Classical religious and literary tragedy illustrates the nobility of the higher spirit against the backdrop of an indifferent or antagonistic universe.  The Gospels and Plato’s Dialogues can both be viewed to have tragic, yet sublime, endings.  Both Einstein’s insistence that, “The Lord does not play dice with the universe,” and Ahab’s unrelenting quest to seek vengeance upon the White Whale offer depictions of man’s nobility tainted with hubris.  Bohr, who has so far proven to be right, told Einstein to “stop telling God what to do,” and Melville’s Starbuck informed Ahab that “seeking vengeance upon a dumb brute” was “not Christian.”  But too, both Ahab and Einstein had faith in the existence of perfect forms and higher laws, as did Jesus and Socrates, and while their lives were perhaps unfulfilled upon this earth, the beauty which floats in the wake of their humble quests is immense.
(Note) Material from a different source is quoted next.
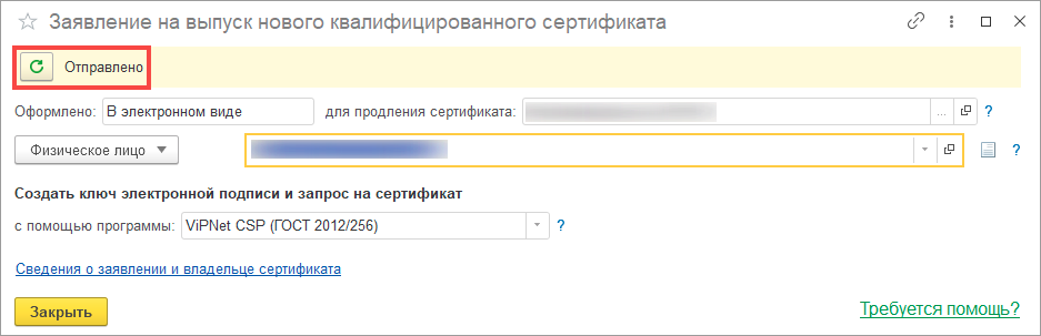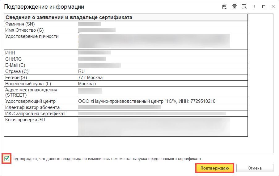 Создайте контейнер закрытого ключа с помощью интерфейса КриптоПро CSP или VipNet CSP. Подтвердите, что данные сертификата не изменились.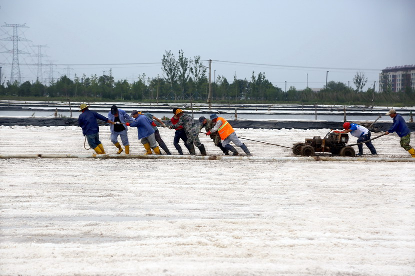 今年以來,針對政府征地、堿廠關(guān)停的現(xiàn)實,投資公司積極推進生產(chǎn)方式變革,打破一年兩季固有收鹽模式,實現(xiàn)原鹽隨用隨收。在海州灣先鋒東灘扒鹽一線,王德志仔細(xì)觀看了作業(yè)情況,現(xiàn)場收鹽職工正在進行挪機工作。

God existed within their spirits.  All the noble souls—poets, prophets, physicists, and philosophers—know what it means to be humble before laws greater than themselves, and they often chronicle the ultimate tragedy of those who stray from those moral truths—the loss of meaning.  “The horror, the horror,” was how Conrad’s Kurtz put it.

       Great minds have often reflected upon the complimentary aspects of the humble practices of both science and religion, noting how science without religion is dull, and how religion without science is blind.  The Romantic poet John Keats accused Newton of “unweaving the rainbow,” and William Blake often illuminated science’s shortcomings when it came to romance and spiritual truths: “For Bacon and Newton, sheath’d in dismal steel, their terrors hang, Like iron scourges over Albion: reasonings like vast serpents, fold around my limbs, bruising my minute articulations.”  Alexander Pope saluted Newton with “Nature and Nature’s laws lay hid in night: God said, let Newton be! and all was light.  And Einstein reconciled science with spirituality when he penned, “gravitation cannot be held accountable for two people falling in love.”  Einstein’s simple respect for both personal individuality in the context of scientific and spiritual realms offers a definitive refutation of postmodernism.  The founding father of quantum mechanics and relativity acknowledges that science cannot fully grasp the exalted spiritual realm.  And yet it is every bit as real as poetry.